Take the lines below from the one with "This study uses" through the one with "TE940410P12 - Terço" and retype them exactly. Include nothing else, and no pictures.
======== DATA FOR PROCESSING
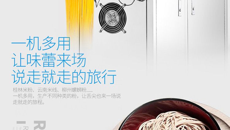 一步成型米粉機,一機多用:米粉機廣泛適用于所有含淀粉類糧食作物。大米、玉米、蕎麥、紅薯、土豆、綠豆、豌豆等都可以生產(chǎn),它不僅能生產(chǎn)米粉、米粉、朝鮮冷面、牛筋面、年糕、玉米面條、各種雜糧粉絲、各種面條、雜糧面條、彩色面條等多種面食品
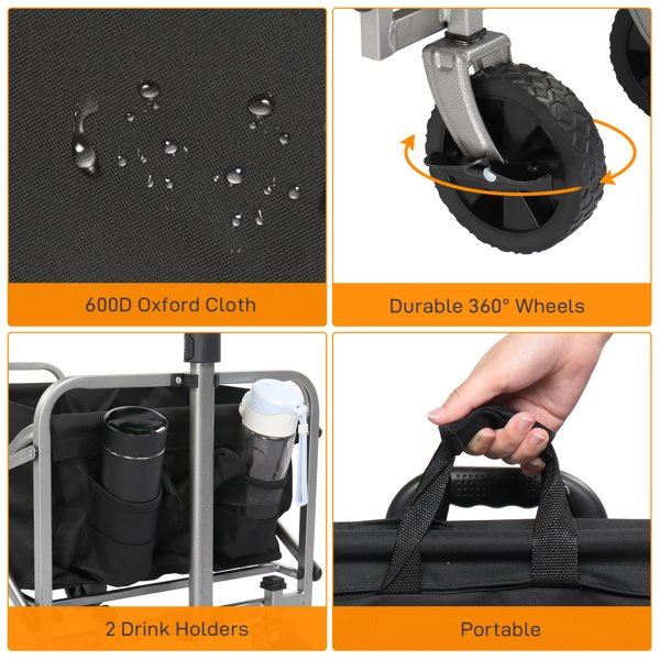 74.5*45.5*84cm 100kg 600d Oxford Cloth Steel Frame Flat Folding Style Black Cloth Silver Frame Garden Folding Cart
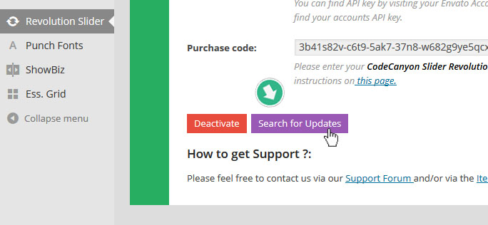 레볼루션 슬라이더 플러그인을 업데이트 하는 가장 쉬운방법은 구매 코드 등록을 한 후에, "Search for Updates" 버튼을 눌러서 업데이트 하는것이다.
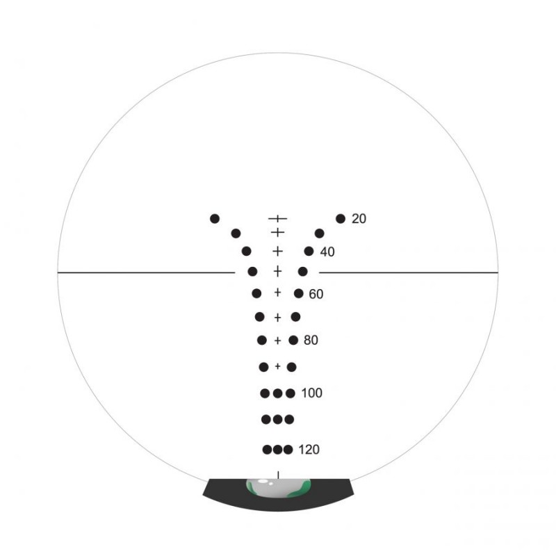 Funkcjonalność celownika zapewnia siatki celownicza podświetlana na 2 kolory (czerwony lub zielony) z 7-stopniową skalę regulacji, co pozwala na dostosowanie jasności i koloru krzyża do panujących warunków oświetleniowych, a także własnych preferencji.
================
======== DATA FOR PROCESSING
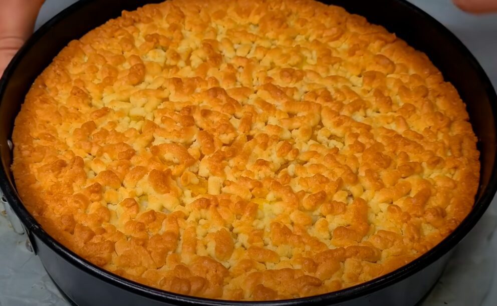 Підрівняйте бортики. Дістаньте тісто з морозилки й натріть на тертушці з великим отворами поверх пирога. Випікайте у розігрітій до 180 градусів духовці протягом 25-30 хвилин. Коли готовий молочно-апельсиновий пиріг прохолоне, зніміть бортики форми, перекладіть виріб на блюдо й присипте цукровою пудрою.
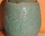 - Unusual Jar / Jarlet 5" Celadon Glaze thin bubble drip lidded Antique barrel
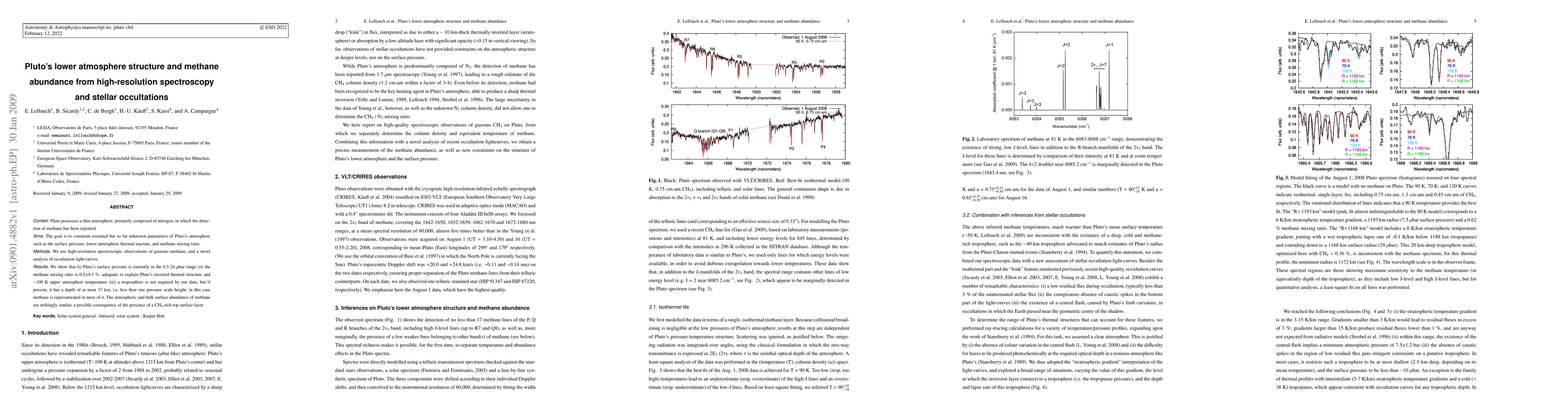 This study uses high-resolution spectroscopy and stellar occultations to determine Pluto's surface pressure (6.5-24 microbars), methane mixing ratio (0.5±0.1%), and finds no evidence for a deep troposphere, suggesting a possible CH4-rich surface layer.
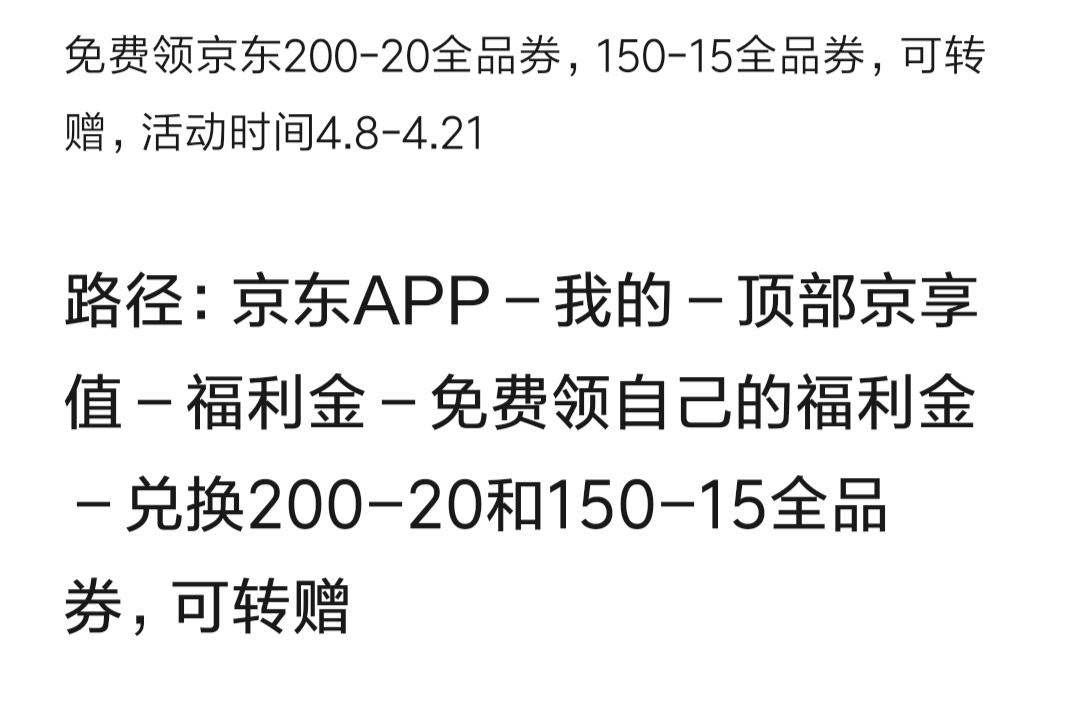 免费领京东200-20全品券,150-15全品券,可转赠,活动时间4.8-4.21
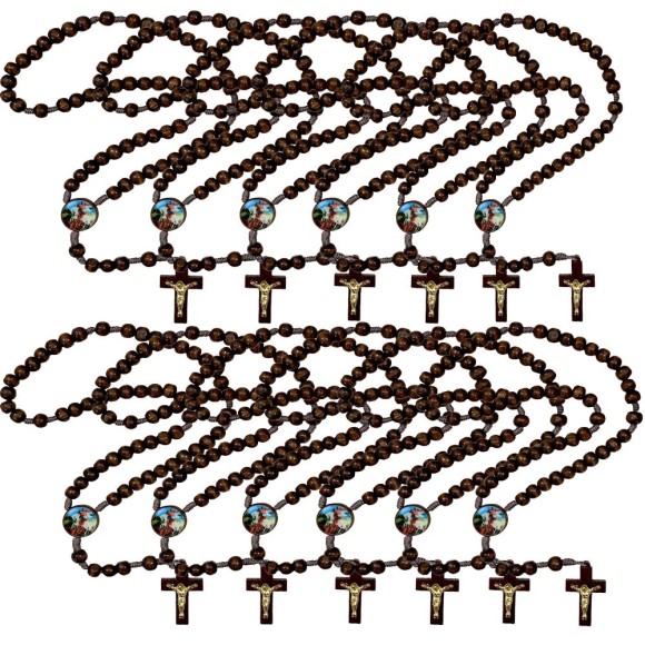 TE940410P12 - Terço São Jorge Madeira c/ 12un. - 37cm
================
*ANSWER FOR THIS EXERCISE*.
 This study uses high-resolution spectroscopy and stellar occultations to determine Pluto's surface pressure (6.5-24 microbars), methane mixing ratio (0.5±0.1%), and finds no evidence for a deep troposphere, suggesting a possible CH4-rich surface layer.
 免费领京东200-20全品券,150-15全品券,可转赠,活动时间4.8-4.21
 TE940410P12 - Terço São Jorge Madeira c/ 12un. - 37cm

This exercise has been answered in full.